One of a series of simple, easy to find, caches at railway stations in and around Marlborough. Welcome aboard the Blenheim-Waipara train service to Wharanui! Last stop Blenheim, next stop Ballast Pits.

Thirteen years after the rail line was completed into Blenheim in 1880, the line was extended into Riverland's first railway station, Omaka, in April of 1893 to supply a freezing works here. Three years later the station was closed and the rails pulled up. Alas, there is no readily available information as to just where Omaka Station was, without going to Wellington and searching the Railway archives. Two years after the station was closed, in 1898, Riverlands stop was installed here - you an see the remains of the platform as the slight rise in the ground on the other side of the rails from the cache. No shelter shed or other buildings were provided. Riverlands Station was closed in 1968 and all that remains is the space on this side of the railway where the goods siding was, and the remains of the platform on the other side of the railway.

Investigations into a line south to connect via Kaikoura to Christchurch had been ongoing since before the inception of this line and was still ongoing after Blenheim was connected in 1880. Three routes south were proposed, via the coast and via the Awatere or Wairau River valleys however despite numerous submissions no decision on the route could be made. Eventually it was handed to a Royal Commission. It is interesting that the Royal Commission returned in favour of the coastal route in 1882 as having the "least disadvantages" as opposed to emphasizing any actual advantages.
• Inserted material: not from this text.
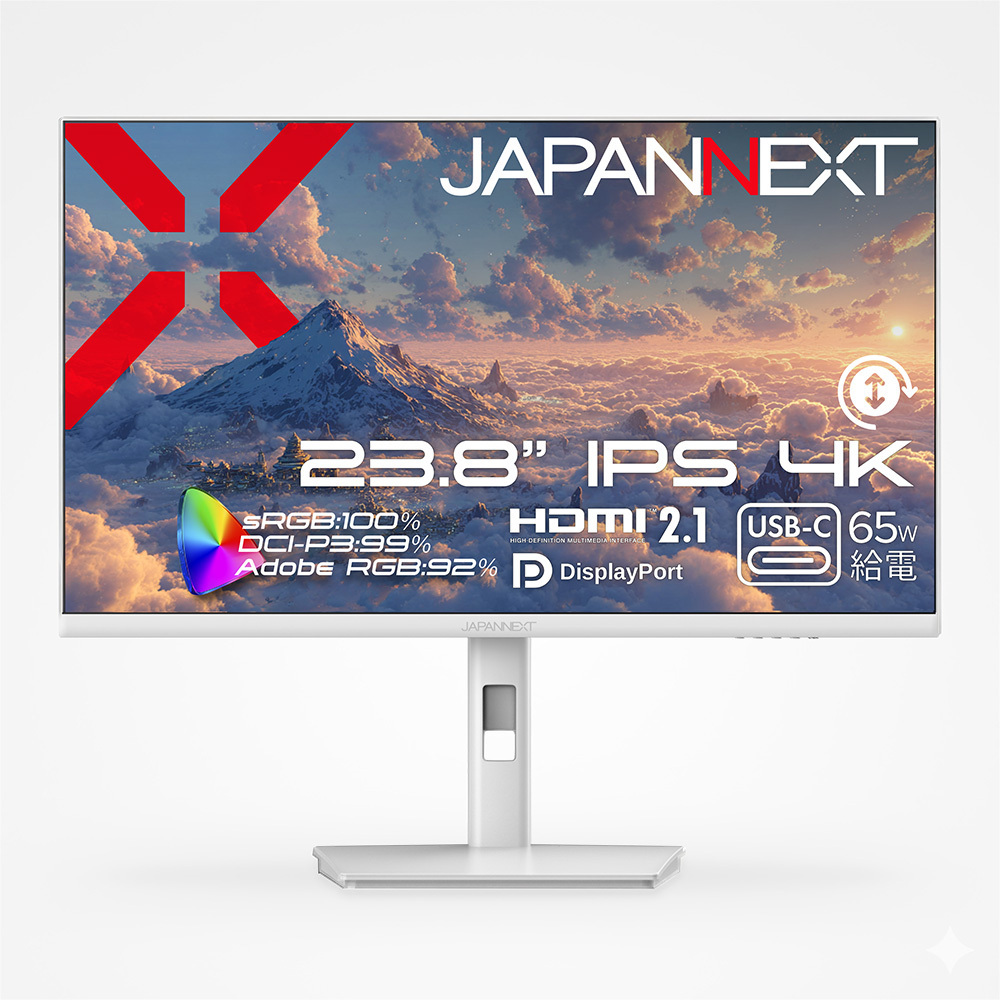 液晶ディスプレイ(液晶モニター)製品の開発・製造・販売などを手がけている株式会社JAPANNEXT(ジャパンネクスト)(本社:千葉県いすみ市)は、23.8インチのIPSパネルを採用、昇降式多機能スタンドを搭載し、USB-C(最大65W)給電に対応した、ホワイトカラーの4K液晶モニター「JN-IPS238U-HSPC6-W」を40,980円(直販価格:税込)で12月25日(木)に発売いたします。

Now that the route was decided, funding had to be found. The £10M loan arranged by the Colonial Treasurer, Julius Vogel, in 1870 had pretty much dried up, there was less funds available, and it was more expensive. For the rail south to proceed it had to make money as soon as possible. And that meant breaking up the farms. The land south of Blenheim was mostly locked in large sheep stations, for which the primary revenue was the annual wool clip. Those along the proposed route were purchased by the government and subdivided, sometimes creating new towns in the process. Construction of the formations - embankments, cuttings, etc, but not bridges - was started in 1881 and reached Vernon, the next stop from here, in 1882, just two days late on the contract. But it was not till the freezing works opened here that the impetuous was there to actually lay the rails, eleven years after the formations were built.

References:
Merrifield, R: "Beyond Dashwood", published by the New Zealand Railway and Locomotive Society, 1990
McGavin, T.A.: "A Century of Railways in Marlborough 1876-1976", published by the New Zealand Railway and Locomotive Society, 1977.
Scoble, J: "Names and Opening and Closing Dates of Railway Stations", published by the Rail Heritage Trust of New Zealand, 2010
Churchman, G & Hurst, T: "South Island Main Trunk 1992", published by IPL Books, 1992.